A morte do filósofo e “guru” do bolsonarismo Olavo de Carvalho sela um movimento que se intensificou desde 2020: o do declínio da influência da ala mais ideológica no governo de Jair Bolsonaro e a prevalência do grupo mais pragmático, identificado de forma genérica com o Centrão partidário.
Olavo, seus seguidores, alunos, simpatizantes e indicados para postos-chave começaram a gestão Bolsonaro como revolucionários, prontos a combater o “establishment”, fomentar a guerra cultural, varrer os “esquerdistas” da máquina pública e enfrentar até os militares, outra força-motriz da campanha, para estabelecer sua hegemonia intelectual e estratégica.
Logo nos primeiros embates com o estamento militar já houve baixas e desgaste. Olavo viu seu primeiro indicado para o Ministério da Educação, o colombiano Ricardo Vélez Rodriguez, ser demido ainda na aurora do governo, mesmo destino que tiveram olavetes como Silvio Grimaldo, também no MEC, e Letícia Catelani, na Apex.
Mas a ala da direita mais radical, que tinha o polemista como referência, manteve posições importantes no Executivo mesmo até o ano passado, quando a cizânia se intensificou.
E foi a necessidade que fez Bolsonaro jogar os olavistas ao mar, um a um. Abraham Weintraub e Ernesto Araújo perderam seus ministérios, mesmo destino de Ricardo Salles, que nunca chegou a ser um olavista de fato, mas surfou essa onda do radicalismo para se aproximar da família e do presidente.
Diante do avanço de investigações do Supremo Tribunal Federal sobre o financiamento de blogs, perfis e pretensos veículos de mídia de seguidores fanáticos de Olavo, Bolsonaro foi cortando os vínculos com as figuras histriônicas que estavam à frente desses negócios, o que levou a que Allan dos Santos e outros congêneres saíssem do país ou mergulhassem para não ser presos, destino que rondou inclusive o próprio Olavo (sem trocadilho com sua identidade nas redes sociais), também arrolado nos inquéritos presididos por Alexandre de Moraes.

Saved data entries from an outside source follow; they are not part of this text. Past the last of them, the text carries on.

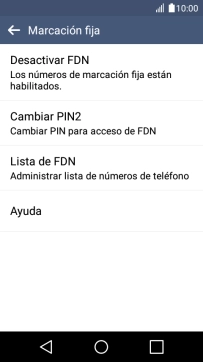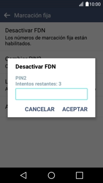 Pulsa Desactivar FDN para desactivar la marcación fija.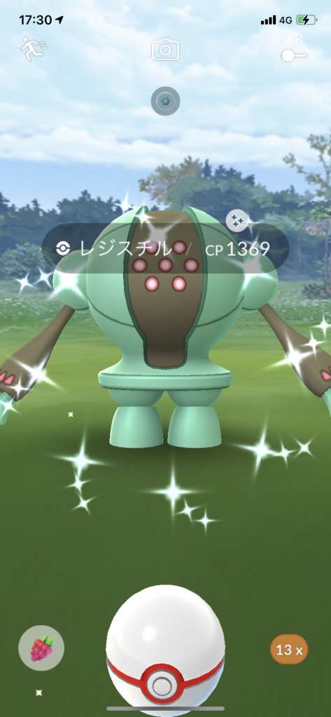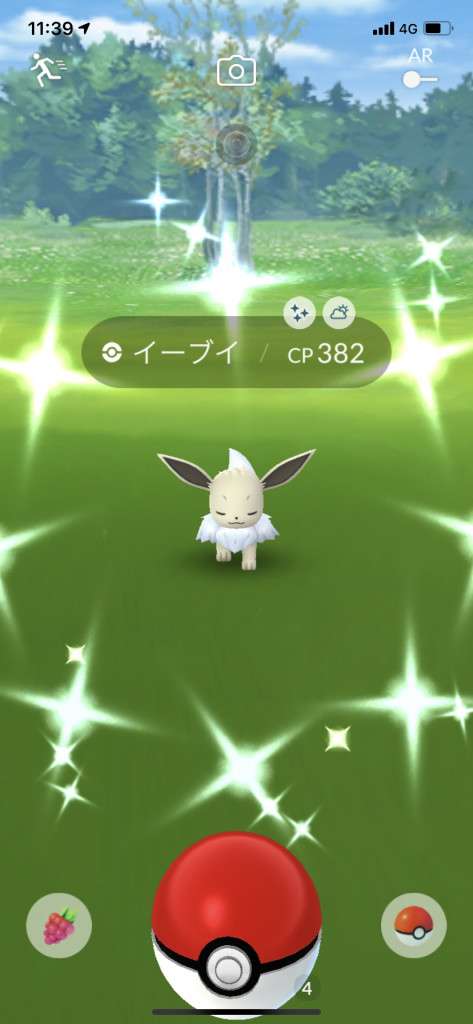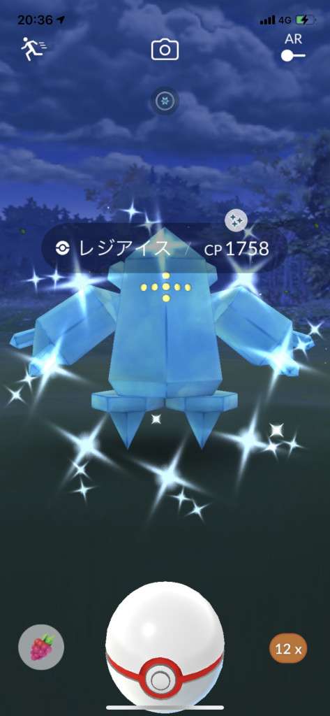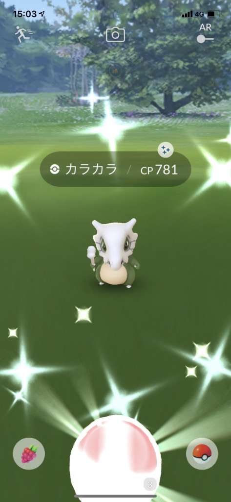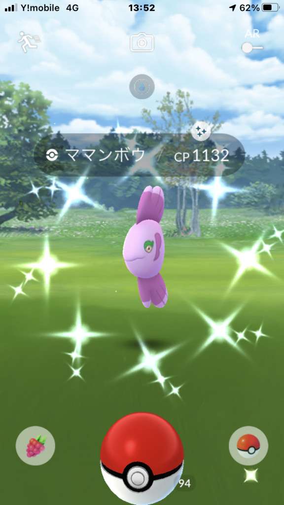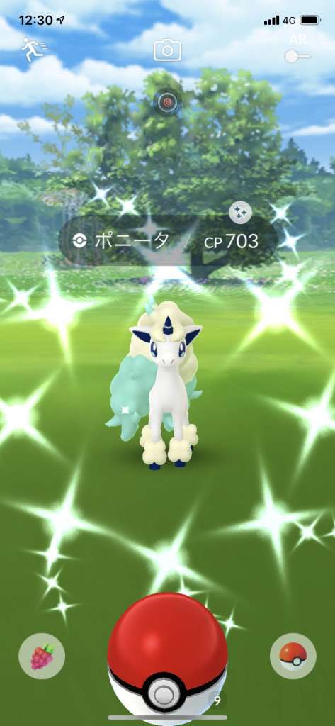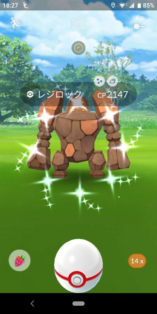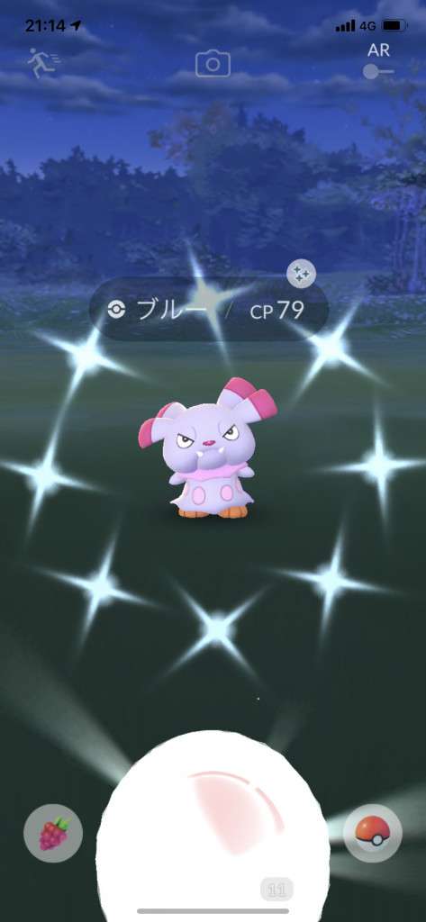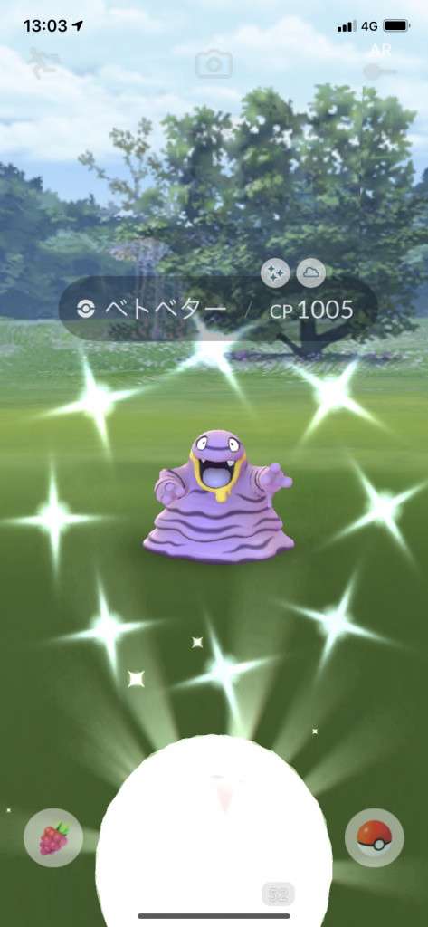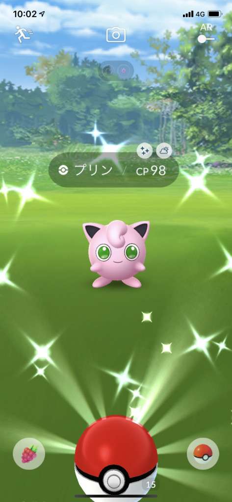 ・色違い出現したら、右上「AR+」のON・OFF切り替えで、タイミング良く写るまで何回も挑戦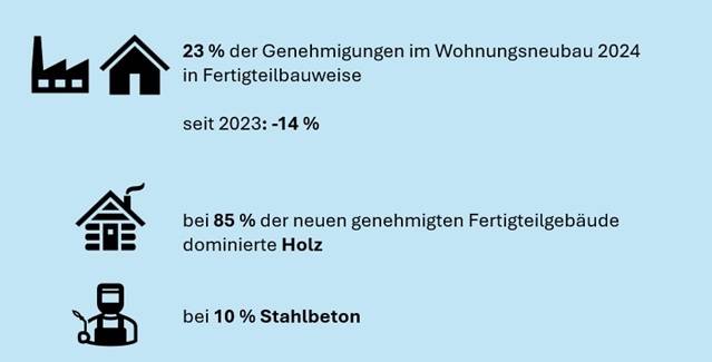 Wenn man die Fertigstellungen des laufenden Jahres absehen will, ist ein Blick auf die Genehmigungen des Vorjahres unausweichlich. Und hier ist für den Fertigteilbau zunächst zu konstatieren: Die Wohnungsbaugenehmigungen entwickelten sich 2024 im Fertigteilbau rückläufig zum Vorjahr – und zwar deutlich, wenn auch weniger deutlich als der übrige konventionelle Massivbau.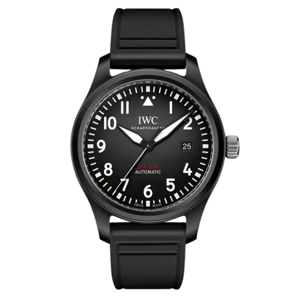 IWC Schaffhausen Pilot’s Watch Automatic TOP GUN kombinerer et 41 mm sort keramisk urkasse med et automatisk urværk for et holdbart, luftfartsinspireret hverdagsur. Nøgleattributter: Sort | Keramisk | Vandafvisende til 6 bar | Safirglas | Automatisk optræk | Sort urskive | Arabiske tal timemarkører | Dimensioner & pasform: Urkassediameter: 41 mm | Urkassetykkelse: 11,4 mm | Justerbar rem med spænde | Sammensætning & pleje: Keramisk urkasse | Safirglas | Gummirem | Stållås | Aftørres med en blød klud; undgå opløsningsmidler og ekstreme temperaturer; få den serviceret af et autoriseret servicecenter.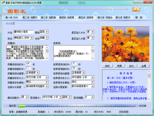 4、制作影片时,按提示操作点点鼠标就完成。如果你对影片有更高的要求,图影王高级版提供了较强大的编辑功能。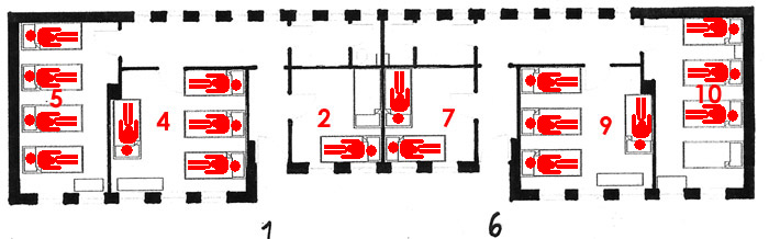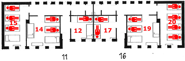 Každý vchod má společné 1xWC a 2xumyvadlo (studená voda). Sprchy a teplá voda jsou k dispozici

Mesmo quem permaneceu com seus assentos no governo, graças a uma dívida de Bolsonaro e família com a construção dos primórdios do bolsonarismo, a partir das redes sociais e da mobilização de uma direita até então silenciosa, perdeu poder e prestígio. É o caso de Filipe G. Martins e dos integrantes do chamado “gabinete do ódio”, localizado nas adjacências da Presidência.
Martins foi um dos que lamentaram de forma mais dramática a morte de Olavo no núcleo bolsonarista, associando-a de forma bastante passional à “morte da filosofia” de direita.
As homenagens rendidas pela extrema direita não ofuscam a relativa indiferença dos canais oficiais do governo à perda daquele que escreveu os livros que provavelmente Bolsonaro não leu, mas tratou, por exemplo, de exibir nas lives logo depois de eleito, tamanha a importância simbólica que o escritor teve na construção da mitologia em torno do então deputado do baixo clero.
Alguns exemplos bastante concretos do declínio da ala ideológica nas decisões cruciais do governo (e, portanto, da campanha à reeleição de Bolsonaro) são o fato de Fábio Farias, um dos ministros mais poderosos da nova ala hegemônica, a pragmática, estar processando Ernesto Araújo, o mais leal súdito olavista a já ter tido espaço no primeiro escalão.
Igualmente eloquente é o fato de Abraham Weintraub contar com o veto de Bolsonaro para se filiar a um dos partidos mais radicais do arco de alianças em torno do presidente, o PTB do hoje terraplanista Roberto Jefferson e do empresário Otavio Fakhoury, um dos investigados nos inquéritos do STF.
Esse declínio de influência significa quem Bolsonaro perderá os votos da franja mais radicalizada na direita em outubro? Certamente não. Mesmo porque não existe mais ninguém a empunhar as bandeiras caras a esse grupo. Então eles vão de Bolsonaro a qualquer custo, mesmo que relativamente escanteados.
Também não significa que o presidente não fará acenos e mesuras aqui e ali a Olavo, os “herdeiros” de sua pregação e os radicais das redes sociais. O luto de um dia decretado por ele em homenagem ao ex-guru se inscreve nessa liturgia necessária. Por uma questão de novo matemática: ele precisa manter essa bolha de extrema direita e conquistar votos para fora dela (que espera obter à custa do uso indiscriminado do Orçamento entregue ao Centrão) para ir ao segundo turno.